There were only 16 major league teams then, so few of the thousands of minor leaguers could ever hope to spend time in the majors. But we pulled for our minor league players because they were our own, and the Birmingham Barons usually fielded a respectable team. They were in the Southern Association with the New Orleans Pelicans, the Little Rock Travelers, the Memphis Chicks, the Atlanta Crackers, the Chattanooga Lookouts, the Nashville Vols, and the Mobile Bears. The pennant winner played the Texas League pennant winner in a mini-World Series each year.

Going to Rickwood Field with my grandfather is one of my fondest childhood memories. He and I went to the Southern League All-Star game one year, and I saw Jim Lemon hit 4 home runs and barely miss a 5th. Lemon, of course, made it to the major leagues and stayed for a while. Also at Rickwood, in later years, I got autographs from Hank Aaron, Andy Pafko, Eddie Matthews, and Mickey Mantle. Mickey and the Yankees were coming off the field after an exhibition game with the Barons, and I reached through a metal fence and asked for his autograph. He just grumbled. Then Yogi Berra said, "Aw, come on, Mick, give the kid your autograph." And he did. Mickey wasn't much more than a kid himself then. How I wish I had all those autographed scorecards that I kept for years.

Jim Lemon wasn't the only future big leaguer I saw in Class AA baseball on his way up to "the bigs." There was also Bill Virdon, who later played for and managed the St. Louis Cardinals. There, too, was Gus Triandos, who played for the Yankees after his stint in Birmingham. But the last great player I saw during his minor league days was Reggie Jackson. The Barons were associated with various major league clubs during those years, a farm team of the big team. And I saw many of these wonderful players because several major league teams would, upon breaking camp after Spring Training in Florida (they all went to Florida then), play exhibitions with various minor league teams on their way north to their major league home cities.

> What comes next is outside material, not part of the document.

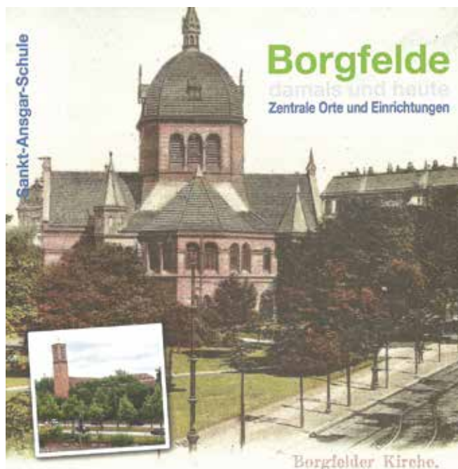
Titelbild des neuen Buches „Borgfelde damals und heute – Zentrale Orte und Einrichtungen“.

Wie schon bei den bisherigen drei Büchern wurde die ursprüngliche Ausdehnung von Borgfelde bis zur Lübecker Straße zugrunde gelegt, die bis 1894 bestand. Die beiden behandelten Einrichtungen in der Angerstraße gehören heute zum Stadtteil Hohenfelde. Obwohl das alte Borgfelde durch die Bombenangriffe 1943 weitestgehend untergegangen ist, gibt es immer noch eine ganze Reihe historische Orte oder Spuren davon zu entdecken.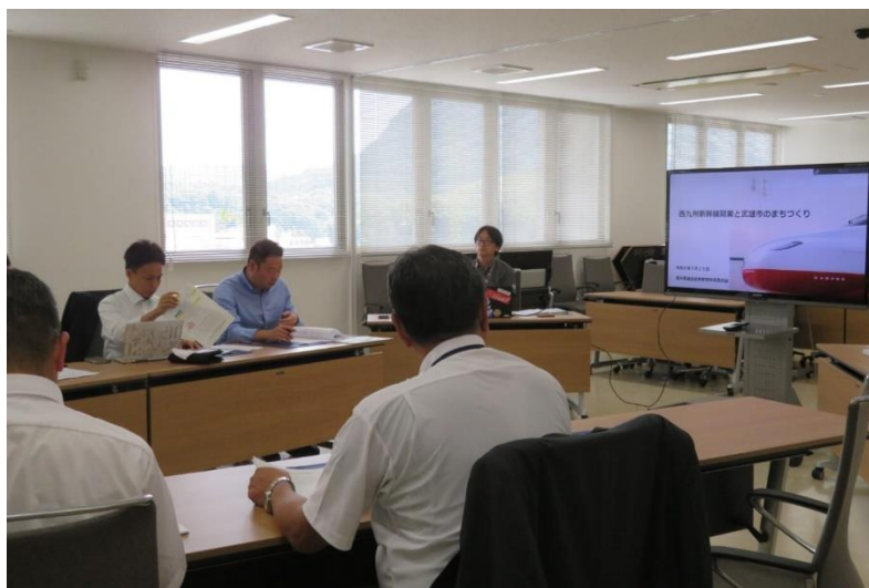
（武雄市役所 駅周辺のまちづくりに関する説明の様子）

I saw a Baron pitcher strike out Ted Williams twice in one of these exhibitions. If that pitcher is still alive, I'll bet he's telling his grandchildren about it even now. And even striking out, Ted Williams had the sweetest swing I ever saw, before or since.

In those days, I listened to Barons' games on the radio. On a good night for the team, I can still hear the announcer saying when the bases were loaded, that they were F. O. B., Full of Barons. Road games were also broadcast but with a twist. The announcer wasn't actually with the team! He was calling the game in a Birmingham studio from a ticker tape that tap-tap-tapped each play as it happened. His obvious embellishments made it seem almost as if he were there, but our love for baseball was such that we didn't really care. My love for baseball carried into my teen years, and I still have a copy of the 1954 Mutual Baseball Almanac that I ordered through the mail. It cost a dollar, and it's in pristine condition still. Mutual Radio carried the Game of the Week. Television broadcasts were quite rare, though the World Series was televised.

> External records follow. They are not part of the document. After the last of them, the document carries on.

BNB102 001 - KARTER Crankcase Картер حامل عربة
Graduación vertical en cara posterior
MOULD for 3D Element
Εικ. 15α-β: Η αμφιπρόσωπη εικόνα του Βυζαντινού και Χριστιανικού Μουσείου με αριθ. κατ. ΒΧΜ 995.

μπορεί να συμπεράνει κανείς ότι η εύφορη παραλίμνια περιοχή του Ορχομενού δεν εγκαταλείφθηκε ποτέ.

One last, very important thing. As kids, most of us didn't join any formal leagues. We just got a team together and challenged another group of kids. We played baseball for pure fun. There were few, if any, adults around to mess things up. If we won, fine. If we lost, we still got on our bikes and pedaled to the nearest store for a cold drink (that's what we called soda pop back then) to take the edge off the hot Alabama summer.

It's been said that it was a more innocent time. I think it was for most of us. And baseball was a part of my innocence and my life with my sweet grandfather. What more could a kid ask for?

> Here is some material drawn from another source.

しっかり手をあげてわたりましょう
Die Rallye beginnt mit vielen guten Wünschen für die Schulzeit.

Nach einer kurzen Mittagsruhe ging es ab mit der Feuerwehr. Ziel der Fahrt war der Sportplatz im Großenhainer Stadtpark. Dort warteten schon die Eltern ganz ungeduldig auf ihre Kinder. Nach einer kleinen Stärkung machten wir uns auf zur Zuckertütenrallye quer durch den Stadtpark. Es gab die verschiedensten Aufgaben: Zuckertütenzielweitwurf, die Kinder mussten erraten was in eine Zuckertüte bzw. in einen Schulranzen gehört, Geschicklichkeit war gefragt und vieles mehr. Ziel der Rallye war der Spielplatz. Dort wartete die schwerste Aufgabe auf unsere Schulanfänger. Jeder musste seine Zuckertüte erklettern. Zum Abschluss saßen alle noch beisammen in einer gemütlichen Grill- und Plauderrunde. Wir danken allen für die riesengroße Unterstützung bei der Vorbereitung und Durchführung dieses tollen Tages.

An important social footnote should be added to this near idyllic description of my life growing up in Birmingham, Alabama. It wasn't an innocent time for everybody. Until I was an adult, there were never any black faces in the stands at Rickwood Field when the Barons were playing. There was another team back then, the Birmingham Black Barons, a team that Willie Mays played for on his way up. He's from a little town, Fairfield, Alabama, where the steel mills roared and belched, not far from where I lived. Further, in the early sixties, as blacks demanded their freedom with marches and demonstrations in Birmingham, there was no baseball at Rickwood. The locals thought it better to shut down than to risk that they might have to attend games with blacks. Fortunately for everybody, Rickwood Field opened up again, and it was after the re-opening that I saw Reggie Jackson play for the Barons. But today Rickwood is empty to professional baseball. The new stadium is located in Hoover, Alabama, across Red Mountain, in a white neighborhood. The area around Rickwood Field is now peopled by black folks.